The Azure Content Understanding skill is bound to a billable Microsoft Foundry resource. Unlike other Azure AI resource skills, such as the Document Layout skill, the Azure Content Understanding skill doesn't provide 20 free documents per indexer per day. Execution of this skill is charged at the Azure Content Understanding price.

You can use the Azure Content Understanding skill for both content extraction and chunking. There's no need to use the Text Split skill in your skillset. This skill implements the same interface as the Document Layout skill, which uses the Azure Document Intelligence in Foundry Tools layout model when outputFormat is set to text. However, the Azure Content Understanding skill offers several advantages over the Document Layout skill:

  • Tables and figures are output in Markdown format, making them easier for large language models (LLMs) to understand. In contrast, the Document Layout skill outputs tables and figures as plain text, which can result in information loss.
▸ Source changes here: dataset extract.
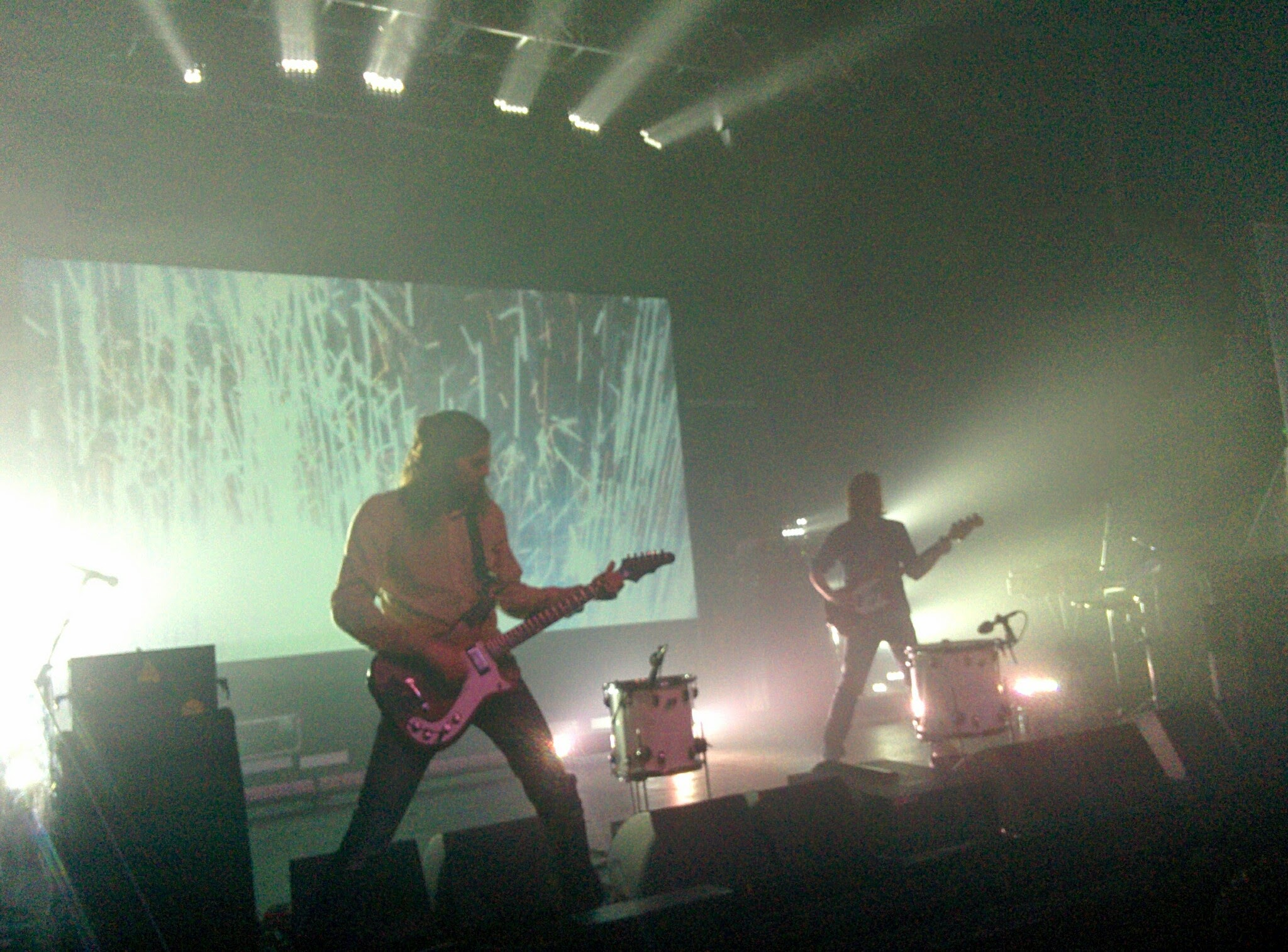 Ratatat performing at Pomona Fox Theater, on April 15, 2015.

  • For tables that span multiple pages, the Azure Content Understanding skill can recognize and extract cross-page tables as a single unit.

  • The Azure Content Understanding skill allows chunks to span multiple pages via semantic units.

  • The Azure Content Understanding skill is more cost effective than the Document Layout skill because the Content Understanding API is less expensive.

The Azure Content Understanding skill is generally available in the 2026-04-01 REST API. Starting with the 2026-05-01-preview, the skill optionally generates AI-based descriptions for document-embedded images, charts, and diagrams. To enable descriptions, you must deploy an Azure OpenAI chat completion model in the Foundry resource attached to the skillset. This API version also adds semantic chunking, a layout-aware option that respects paragraph boundaries and measures chunk length in tokens. Both capabilities require opt-in. When the new parameters are omitted, the skill behaves the same as in the stable 2026-04-01 API version.

Limitations

The Azure Content Understanding skill has the following limitations:

  • This skill isn't suitable for large documents requiring more than five minutes of processing in the Content Understanding document analyzer. The skill times out, but charges still apply to the Foundry resource that's attached to the skillset. Ensure documents are optimized to stay within processing limits to avoid unnecessary costs.

  • This skill calls the Azure Content Understanding document analyzer, so all documented service behaviors for different document types apply to its output. For example, Word (DOCX) and PDF files might produce different results due to differences in how images are handled. If consistent image behavior across DOCX and PDF is required, consider converting documents to PDF or reviewing the multimodal search documentation for alternative approaches.

Supported regions

The Azure Content Understanding skill calls the Content Understanding 2025-11-01 REST API. Your Foundry resource must be in a supported region, which is described in Azure Content Understanding region and language support.

Your search service can be in any supported Azure AI Search region. When your Foundry resource and Azure AI Search service aren't in the same region, cross-region network latency impacts your indexer's performance.

Supported file formats

The Azure Content Understanding skill recognizes the following file formats:

  • .PDF
  • .JPEG
  • .JPG
  • .PNG
  • .BMP
  • .HEIF
  • .TIFF
  • .DOCX
  • .XLSX
  • .PPTX
  • .HTML
  • .TXT
  • .MD
  • .RTF
  • .EML

Supported languages

For printed text, see Azure Content Understanding region and language support.

@odata.type

Microsoft.Skills.Util.ContentUnderstandingSkill

Data limits

  • Even when the file size for analyzing documents is within the 200 MB limit, as described in the Azure Content Understanding service quotas and limits, indexing is still subject to the indexer limits of your search service tier.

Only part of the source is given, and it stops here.